Dancing with Milov, Carla Körbes—who became a PNB principal dancer in 2006—displays continued development as an actress as well as a technician. In an art form that makes extraordinary demands of the legs and hips, she is always very aware of her upper body as well, phrasing her movement carefully to make a complex rhythmic interplay. She takes the signature swan gestures—the shivering head and preening arms—and imbues them with softness as Odette, but sharpens her accents as the scheming Odile.

Even in the most academic work, Louise Nadeau has a kind of instinctual wildness, which shows up most in her transitional gestures: The final tableau may match any number of photographs, but the journey to get there is often highly eccentric and mysterious. This plays right into the magical elements in Swan Lake. As Siegfried opposite Nadeau, Cruz is dumbstruck by this version of Odette, rushing after her again and again as if he is afraid she will disappear if he blinks. When her duplicity is revealed and he realizes his colossal error, his whole body seems to sag and he lashes out, striking his friends as he rushes after his ideal.

Mara Vinson makes a technically assured but dramatically subdued debut, opposite Seth Orza. A dancer’s first go at this iconic role can be very intimidating. Vinson puts most of her energy and attention into the considerable technical challenges, while her interpretation of the character is less developed. Her initial meeting with Siegfried seems to be a careful one, though she loosens up as the Black Swan in Act 3, gloating when she manages to deceive the hero about her intentions. Orza is also new to the role of Siegfried in this production. Eventually he will likely be more of a roué than a dreamer, or at least that’s the direction in which he’s currently heading.

The supporting cast—a busy court and a lake full of swans—is full of astonishing moments and some outright kitsch. Carrie Imler, who will dance Odette/Odile in the second week, makes the Queen Mother into a Freudian nightmare, controlling Postlewaite’s Siegfried with a flick of her well-manicured hand and fawning over the court jester. As the Jester, both Jonathan Porretta and Benjamin Griffiths combine virtuoso technical tricks with a sunny disposition. This part is a more recent addition—the original 19th-century version of the ballet didn’t include it, but Soviet revisions of the work added this bravura part.

Jodie Thomas, who like Nadeau is leaving at the end of the season, pops up everywhere, from a bevy of foreign princesses to the tricky Neapolitan Dance, full of commedia dell’arte references. She excels at the fast and complex, but is also a graceful presence on stage. Stacy Lowenberg and Kari Brunson each smolder leading the Czardas, digging into the ground and throwing themselves into deep backbends. Partnering them, Jerome Tisserand and William Yin-Lee border on Valentino territory. They are both new to the company, but have distinguished themselves quickly.
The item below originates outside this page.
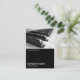 A business card template design with a white edged black lower half. The front design includes a photo or artwork in the top half. The same theme is repeated on the back without the image, allowing room for other details and further customization. The three squares motif used as a decorative feature on the back is from one of Zazzle's useful picture fonts and can be used as a decorative feature or replaced with your own logo or decoration.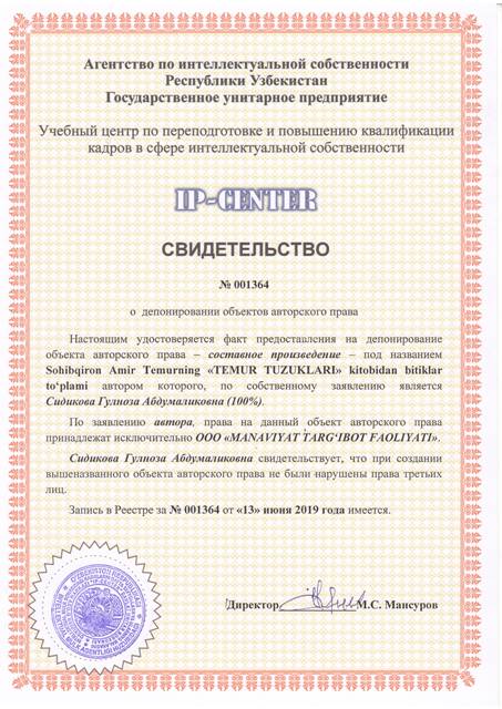 | 8824 | №001364 | Составное произведение - Sohibqiron Amir Temurning "TEMUR TUZUKLARI" kitobidan bitiklar to‘plami | Сидикова Гулноза Абдумаликовна (100%) | ООО «MANAVIYAT TARG‘IBOT FAOLIYATI» | 06/13/2019 | ![]() |

Almost everyone will dance multiple parts during the ballet’s run, peasant girls doubling as swans and servants as masters, but one of the best combinations belongs to Jordan Pacitti. A tipsy fop in the first act, becoming increasingly drunk during the party, he returns in the third act in the Spanish variation, an over-the-top pastiche of every Warner Brothers cartoon and Carmen production you’ve seen. In tight pants with a shiny bolero jacket over a Seinfeldian puffy shirt, a shocking blue scarf at his waist, he stalks and pounces as his partner glides through a tour de force of faux flamenco steps. When he bourrées in place, the tiny steps vibrate though his whole body and the fringe on his scarf shimmers around his hips.